Birding Day a Success

Kruger Park News Archive

The West Rand Honorary Rangers hosted the seventh annual Birding Day over the last weekend in January, the traditional time for the event. A total of 435 guests took part over the weekend, sleeping in 12 camps. According to the Birding Day convenor, Allan Vos, the event is usually oversubscribed, with places being limited by the number of seats available on the game drive vehicles.

Birders like the event as the Kruger Park is one of the premier birding sites in the country, and the Kruger Park benefits as it is traditionally a quiet time in the park. Although reports are not yet in from all the camps, positive feedback has been received from some of the groups.

According to Nico Breedt, camp leader at Pretoriuskop, the 26 birdwatchers enjoyed the sunny weather, and counted a total of 241 bird species. The guests reported excellent service from the Pretoriuskop camp management and staff, and lovely meals provided by the restaurant. 'They commented on the cleanliness of the bungalows and the smooth arrangements of the programme.' They were especially impressed by their bush sundowners, where some style was introduced with tablecloths and wineglasses.

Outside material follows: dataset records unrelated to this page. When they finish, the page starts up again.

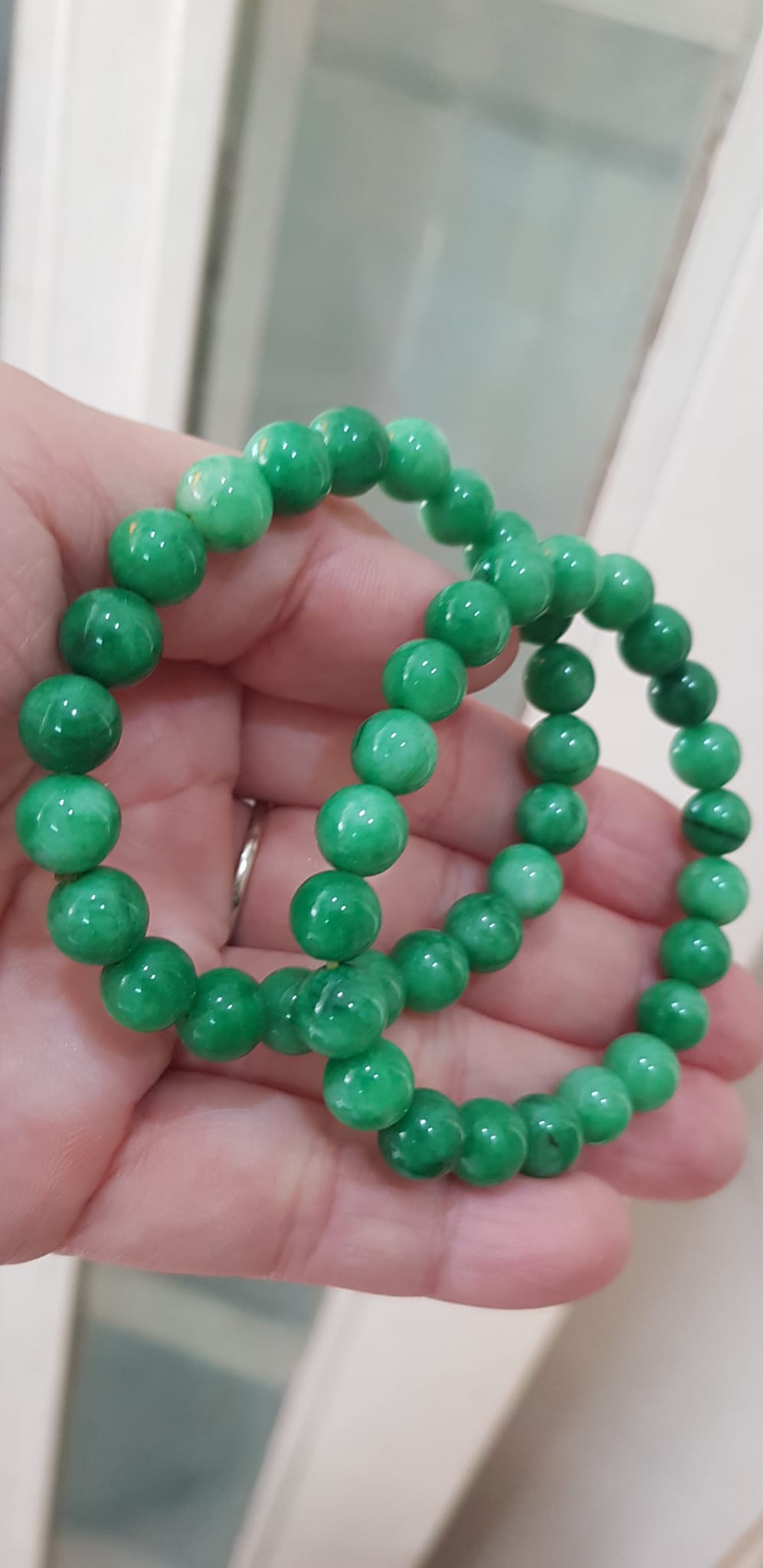 Vòng tay phong thủy Nữ đá cẩm thạch xanh tươi size hạt 8mm Vòng màu xanh lá tươi đẹp nữ mệnh mộc hỏa thủy ạ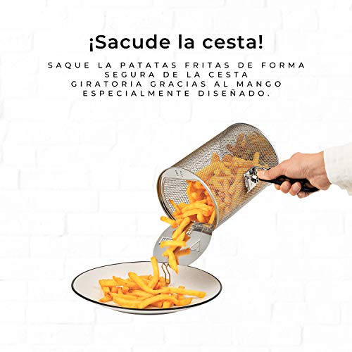 - Accesorios incluidos: el horno freidora viene equipado con 1 cesta para patatas fritas giratoria y su asa, 3 rejillas de cocción, 1 pincho para asar y su asa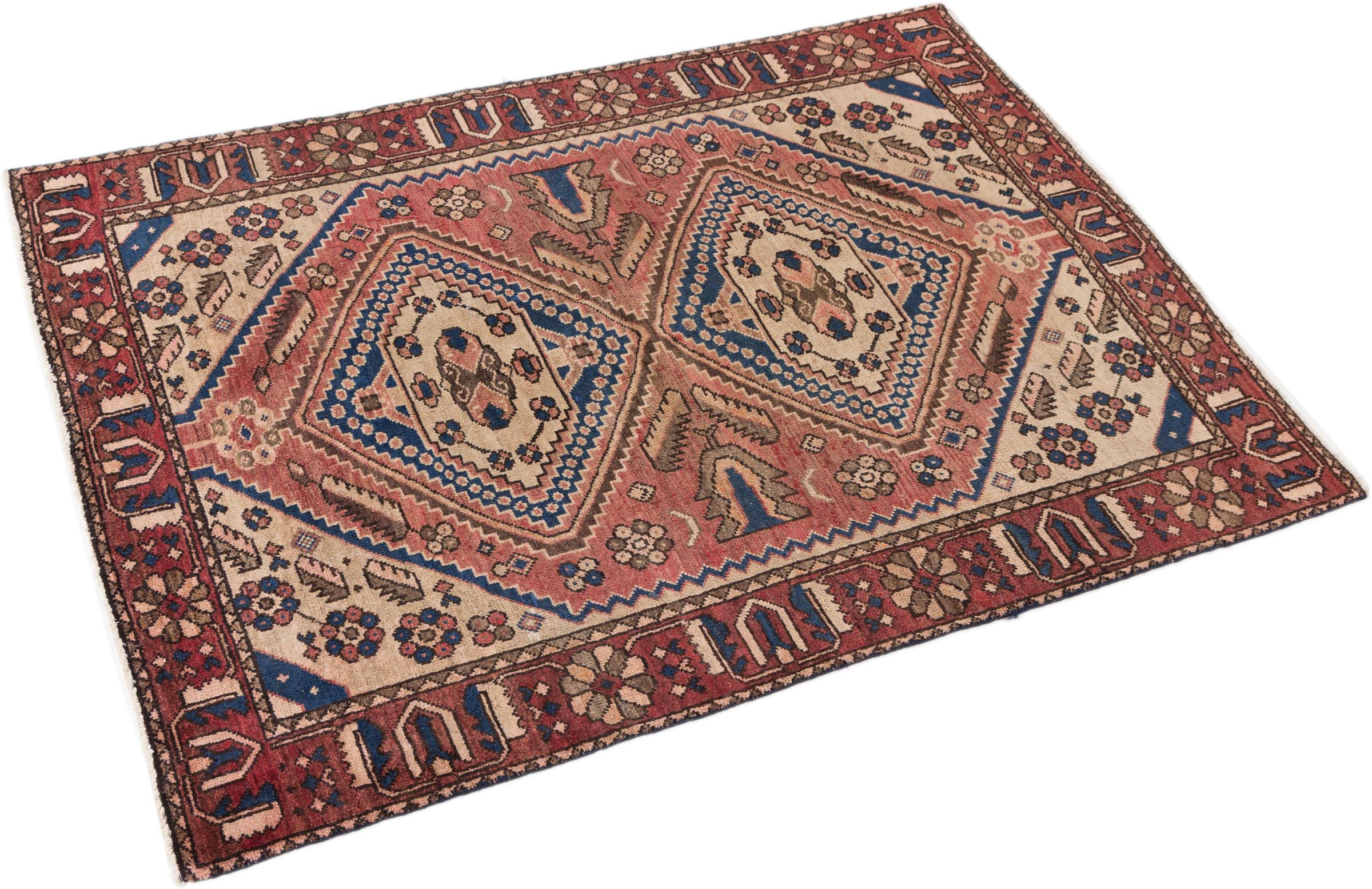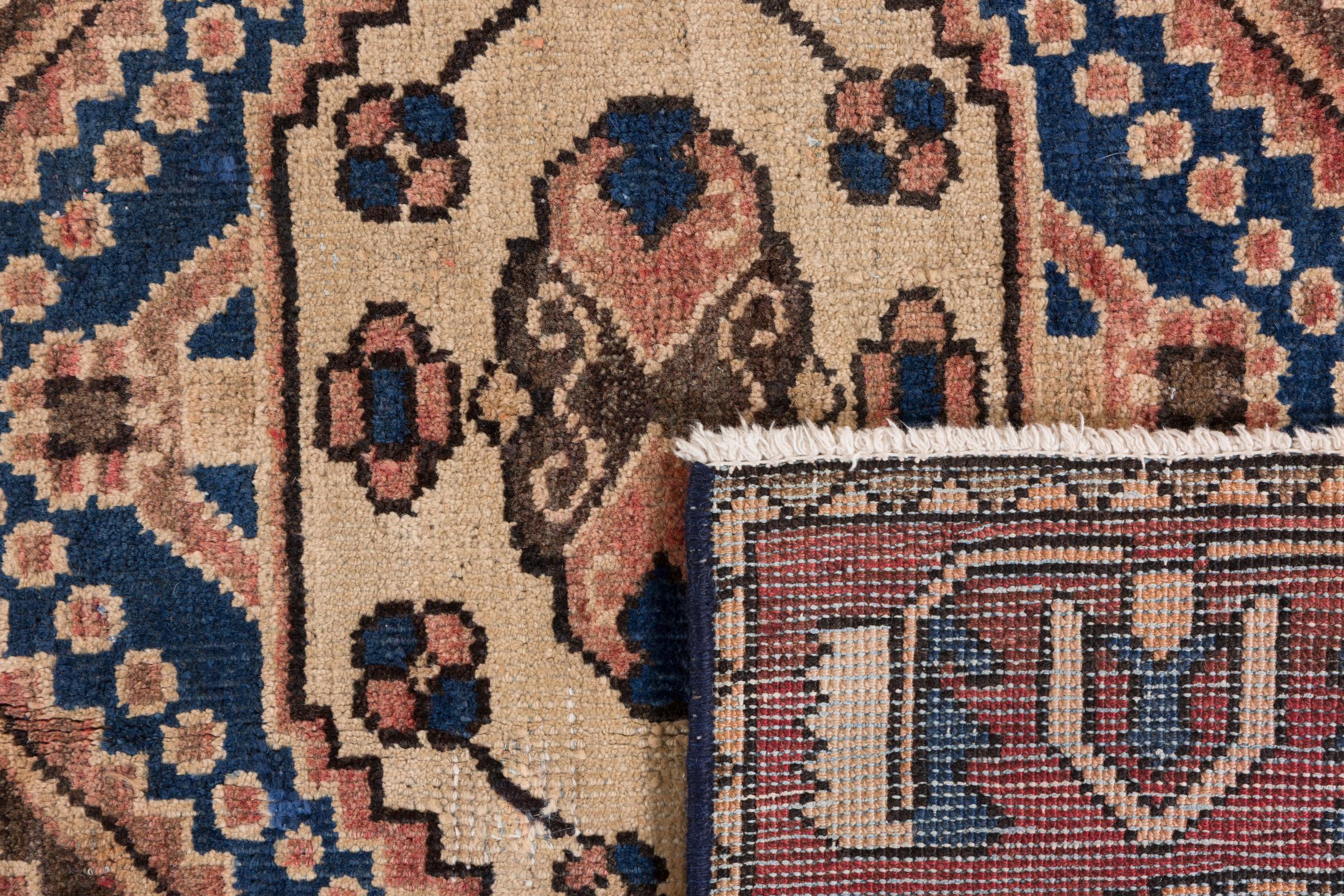 This rug belongs to village and nomadic rugs from Iran, formerly Persia. This type of rug is knotted by hand in smaller towns and villages in old tradition. Even nomads still knot Persian rugs in the open air. The rugs are knotted without a draft and completely from the mind. They are characterized by classical ornaments, which are arranged in straight and geometrical patterns. Thanks to their cultural-traditional origin, these rugs have a unique character that embodies ancient Persia.

The Satara group was delighted to welcome Gerhard Verdoorn, who helped the group with raptor identification. They were lucky to spot a dark chanting goshawk. The Punda Maria birdwatchers caught sight of a Pel's Fishing Owl near Crooks Corner, along with some other specials.

Crocodile Bridge reported 'top notch' catering and very good service at the camp. They especially commended the section ranger, Neels van Wyk, for his commitment to the birding weekend.

They saw 230 species, but reported a decrease from last year in the number of seedeaters seen, attributed to the late rains providing fewer seeds. They reported seeing the Yellow-Rumped Tinkerbird, which has only been recorded around the Crocodile Bridge area.

The team also spotted a Black Bellied Starling. Sasol is the main sponsor of the Kruger Birding Day. Funds raised are usually used to erect public facilities in National Parks around the country, but especially Kruger. Previous projects of the West Rand Honorary Rangers include the new boma at Talamati and the thatch umbrellas at Timbavati.